13th Annual Conference of the International Speech Communication Association

Portland, OR, USA
September 9-13, 2012

Pitch-Scaled Analysis based Residual Reconstruction for Speech Analysis and Synthesis

Zhengqi Wen (1), Hideki Kawahara (2), Jianhua Tao (1)

(1) National Laboratory of Pattern Recognition, Institute of Automation, Chinese Academy of Sciences, Beijing, China
(2) Faculty of Systems Engineering, Wakayama University, Wakayama, Japan

The typical problem in LPC-like vocoder is buzzing sound which is mainly due to the simple pulse train or noise excitation model. One way to improve it is to reconstruct the residual obtained from inverse filtering. So a new parametric representation of speech based on pitch-scaled analysis is proposed in this paper. Pitch-scaled analysis is used to extract the periodic spectrum of residual with half pitch period length. Then these periodic spectrums are decorrelated by principal component analysis (PCA) to reduce their dimension. Aperiodic measure is defined as the harmonic-to-noise ratio in the frequency domain where voicing cut-off frequency (VCO) is used to control the smoothness of aperiodicity.
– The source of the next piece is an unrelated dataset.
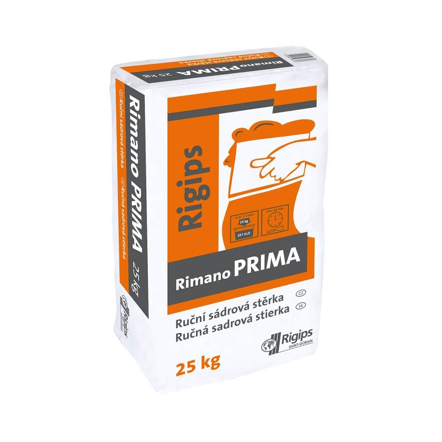Hladená sadrová tenkovrstvová omietka pre ručné spracovanie. Chemicky sa jedná o hemihydrát síranu vápenatého so zušľachťujúcimi prísadami.Použitie:Rimano PRIMA je hladká sadrová tenkovrstvová omietka, vhodná na relatívne hladké podklady (napr. hladké betónové plochy alebo pórobetón). Omietka môže byť nanesená na hladké nesavé betónové plochy, až po ich úprave náterom Rikombi–Kontakt. Možno ju použiť aj na celoplošné omietanie pórobetónových presných tvárnic a nie je potrebné plošné armovanie sieťkou. Materiál je vhodný aj na vyplnenie trhlín, dier a rýh. Výhodou tejto omietky je ľahká spracovateľnosť, dobrá priľnavosť a nízka spotreba. Je vhodná ako podklad pod maľbu, tapety, lak aj disperzné nátery.Odporučená hrúbka omietky je 3 – 6 mm.Spracovanie omietky:Zmes omietky sa vsype do čistej vody a po piatich minútach sa rozmieša do hladka ručne alebo elektrickou metlou. Zmeny pomeru sadry a vody sa prejavia na vlastnostiach spracovávanej zmesi, hlavne dobou tuhnutia a výslednou pevnosťou. Po dobu spracovateľnosti omietky, ktorá je udaná na balení, sú zachované parametre spracovania (zámesové pomery, doba spracovateľnosti) podľa údajov výrobcu. Po uvedenej dobe spracovateľnosti sa môžu parametre spracovania omietky odchyľovať od údajov výrobcu. Aj napriek tomu, pokiaľ je materiál správne skladovaný a spracovaný do 48 mesiacov od dátumu výroby, zostávajú zachované požadované parametre konečnej funkcie v stavbe (prídržnosť, pevnosť).Skladovanie omietky:Produkt je nutné skladovať v suchom prostredí. Pôsobením vlhkosti na produkt pred jeho spracovaním môže nastať zmena fyzikálnych vlastností, resp. zníženie reaktívnosti s vodou. K ochrane produktu počas alebo pred jeho spracovaním je nutné otvorené alebo porušené vrecia náležite ochrániť pred pôsobením vzdušnej vlhkosti.

Periodic spectrum and aperiodic measure together with F0 are indicated as excitation parameters in the proposed LPC vocoder. Experimental results show that this proposed vocoder can get a mean opinion score (MOS) of 4.1 for a female voice before dimensionality reduction and keep the high-quality property after parameter compression.

Index Terms: speech parametric representation, pitch-scaled analysis, voicing cut-off frequency, principal component analysis

Full Paper

Bibliographic reference.  Wen, Zhengqi / Kawahara, Hideki / Tao, Jianhua (2012): "Pitch-scaled analysis based residual reconstruction for speech analysis and synthesis", In INTERSPEECH-2012, 374-377.